Oui, je vis à côté d'un mirador. Hier, ils sont allés arrêter l'un de nos voisins parce qu'il possédait une voiture illégale. Nous nous rendions chez nous en voiture, ils nous ont arrêtés et ont pointé leurs fusils sur notre voiture. Pendant qu'ils arrêtaient l'homme, ma sœur conduisait. Elle est devenue très triste et a dit : "J'espère que tout ira bien". L'un des soldats l'a entendue et a commencé à crier et à lui dire des gros mots en arabe. Il a commencé à frapper avec son fusil sur les vitres de la voiture et a failli les briser. Il a demandé les clés de la voiture et les a jetées dans la rue, puis il est parti. C'est le genre de choses qui peuvent arriver aux Palestiniens. Nous n'avons rien fait de mal, nous roulions simplement pacifiquement vers notre maison. Ce n'est rien comparé à ce que certaines personnes subissent dans certaines régions.

Pouvez-vous me parler de CPT ?

La CPT est une organisation internationale qui soutient la résistance non violente des Palestiniens. Nous disons toujours que nous ne sommes pas neutres, nous nous tenons aux côtés des personnes opprimées dans les régions où nous travaillons. Cependant, nous sommes neutres lorsque nous partageons des informations et des nouvelles, nous le faisons sans parti pris.

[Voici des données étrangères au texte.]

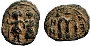
895 Byzantine Empire coin 22mm 3,10g Artificial sand patina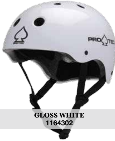
GLOSS WHITE 1164302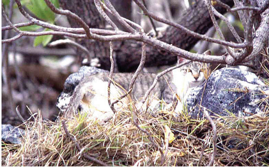
Figure 3: Feral cat on Wake Island

hours (and maintained cats). We also began to attend weekly Buddhist services and other social events. We periodically renewed our education efforts at the Thai beach houses by visiting each one and asking permission to trap around their property. We distributed rat snap traps, answered questions and learned which cats lived where (see Figure 3).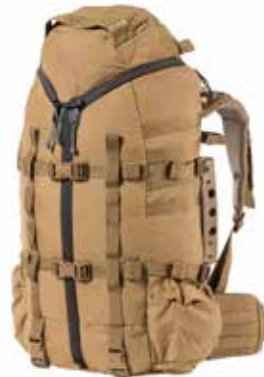
OVERLOAD 3000 cu-in + overload pg 10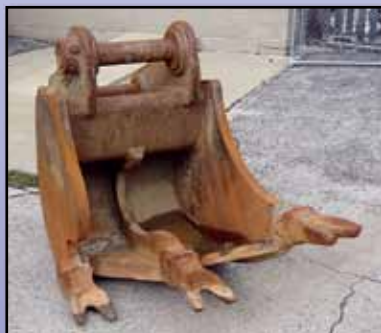
(1) OF (3) LEADING EDGE ROCK RIPPING BUCKETS

(PC308/270/220/228/200): ESCO 26" digging • (2) ESCO 24" digging • 66" Cleanup • Asphalt Cutter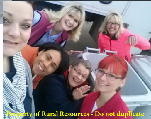
Property of Rural Resources - Do not duplicate

Shredding documents that have personally identifying information on them is one big step toward preventing identity theft! So, until next year, keep on shredding at home or securely save your documents for the next event.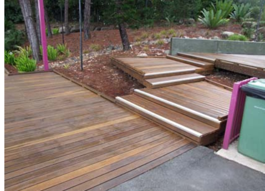
The Gymnosperm Deck re-oiled

Contracted projects were completed including the re-oiling of the timber decks around the main visitor precinct, repairs to bitumen pathways damaged during Cyclone Ului, extensive mulching of the PlayGarden and Tropical Palm and Pandanus Collection and the installation of a Fire Detection System at the Visitors Centre.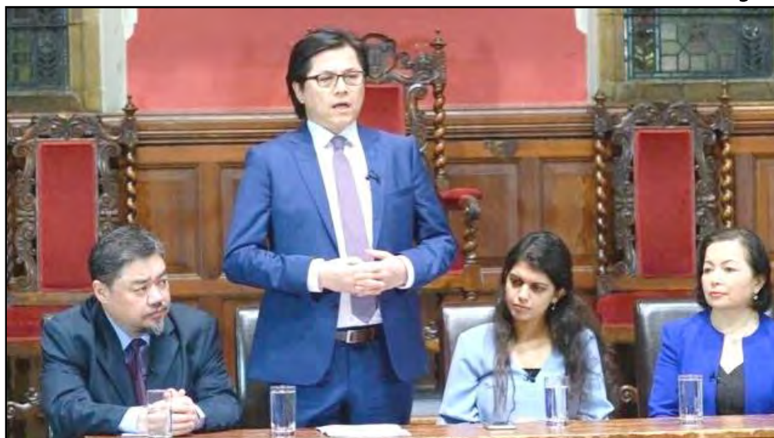
United States Commission on International Religious Freedom (USCIRF) summit ka nung Nury Turkel-i jembidang tangokba noksa nung angur.

Washington D.C, June 24 (Agencies): 2022-23 kümsük atema United States Commission on International Religious Freedom (USCIRF) Chair, Nury Turkel shimogo, ta International Christian Concern (ICC)-i metetdaksü.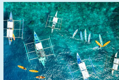
"Bangka", also known as Filipino boats

By Land: Navigating the islands by land is straightforward, thanks to national highways and an extensive public transportation network. The jeepney, a colourful symbol of Philippine culture, is the most popular mode of transport, alongside cabs, buses, tricycles, and even trains in urban areas. In some cities, you can also enjoy a ride in a calesa, a traditional horse-drawn carriage.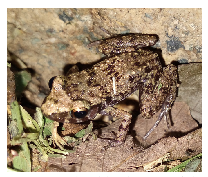
Figure 1. The Lesser Dark-spotted Thin-toed Frog (Adenomera cf. hylaedactyla) observed on 3 June 2023 on Tobago.

Two additional potential records of frogs identified as Adenomera on Tobago were observed by authors of this report on 18 August 2022 (https://www.inaturalist.org/observations/140089949) and 22 October 2022 (https://www. inaturalist.org/observations/140060168). The frog observed on 18 August 2022 was seen at 2359 h at Corbin Wildlife Sanctuary in Mason Hall, Tobago (11.20150 N, 60.70510 W). The habitat in the area is predominantly secondary for-

CPT travaille à partir de différents endroits dans le monde. Nous avons une équipe en Colombie, en Irak-Kurdistan, à Lesbos qui travaille avec les migrants, une présence au Canada qui travaille avec les peuples indigènes, et une présence à la frontière américano-mexicaine. L'équipe d'Hébron est la plus ancienne, fondée en 1995.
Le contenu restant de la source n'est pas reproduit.